Two decades after Massachusetts set the wheels in motion for marriage equality, the RAND Corp. analyzed 96 studies dating back 20 years and performed their own research on the impact of marriage equality on household stability, health, and economic well-being of LGBTQ individuals. The evidence overwhelmingly led researchers to believe that both queer people and the general population had positive outcomes.

The overall physical health of LGBTQ people improved, while rates of syphilis and HIV/AIDS dropped. Households led by same-sex individuals had more stable relationships, earned more money, and enjoyed higher home ownership rates.
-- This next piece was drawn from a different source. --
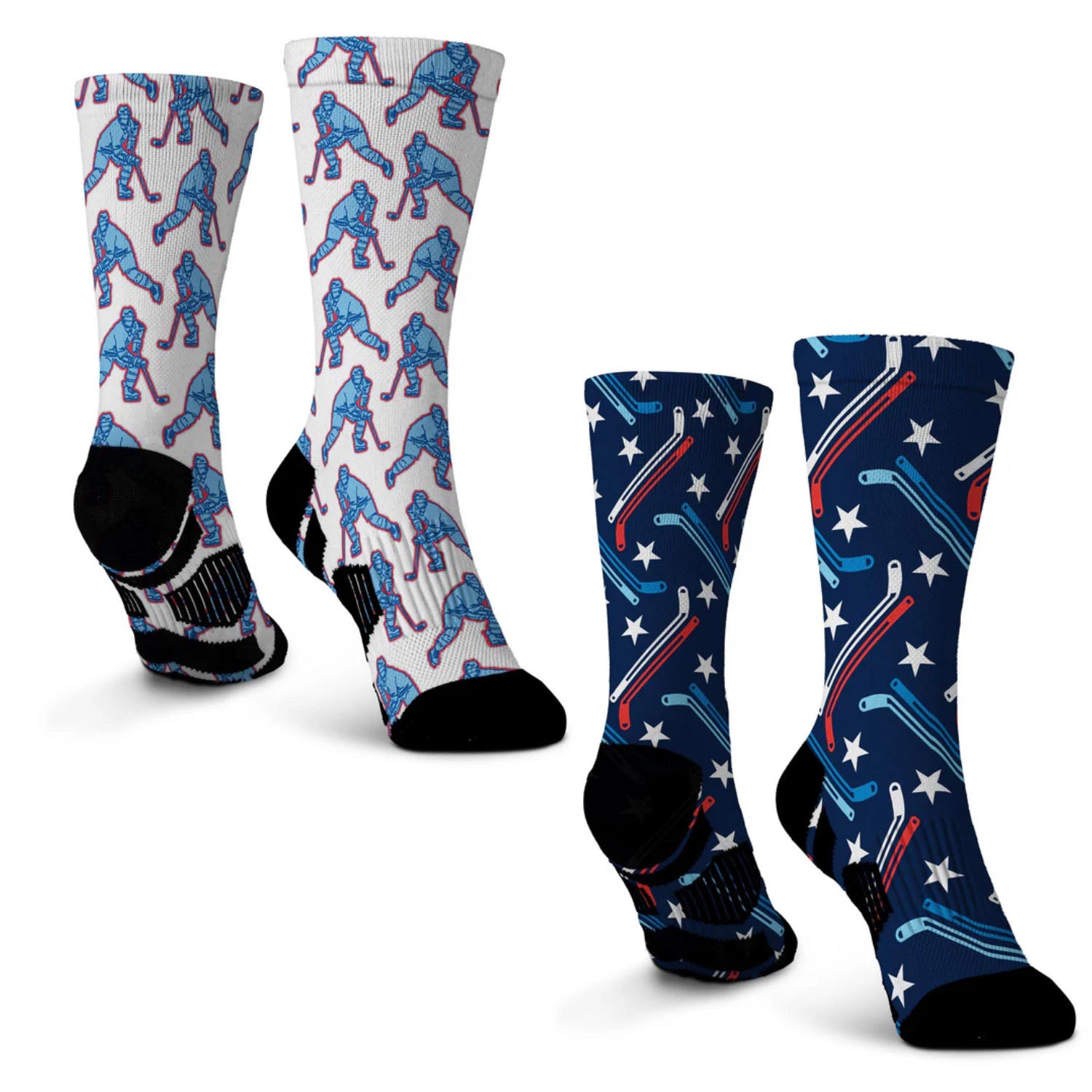 These hockey crew socks are a great way to show off your love of the game year-round! Stay comfortable without sacrificing performance or style with our moisture-wicking material blend and our exclusive hockey designs! Our hockey-themed socks are great gifts for the hockey fan or players in your life or a statement accessory you can wear any time!

At the same time, crime targeting individuals on the basis of sexual orientation — as well as employment discrimination — also went down.

The study also dispelled the notion that same-sex marriage would have any negative effect on straight marriages. New marriages among different-sex couples increased 1-2% and marriages increased by 10% overall. The study also found that states saw more marriages than usual once they legalized same-sex marriage.

“We find no evidence for a retreat from marriage,” Melanie A. Zaber, a co-author of the report and a RAND economist, said in a written statement. “In fact, there is evidence suggesting that by extending marriage rights to a greater number of couples, interest in marriage increased. And that finding isn’t limited to same-sex couples—this is also true for the broader population.”

In December 2022, President Joe Biden signed the Respect for Marriage Act into law, formally repealing the Defense of Marriage Act and protecting same-sex and interracial marriages against future efforts by the Supreme Court to overturn the 2015 Obergefell v. Hodges ruling that gave marriage rights to queer couples nationwide. While the law would not require states to issue marriage licenses if the Supreme Court overturned Obergefell, it would require them to recognize marriages performed in states where marriage equality is the law.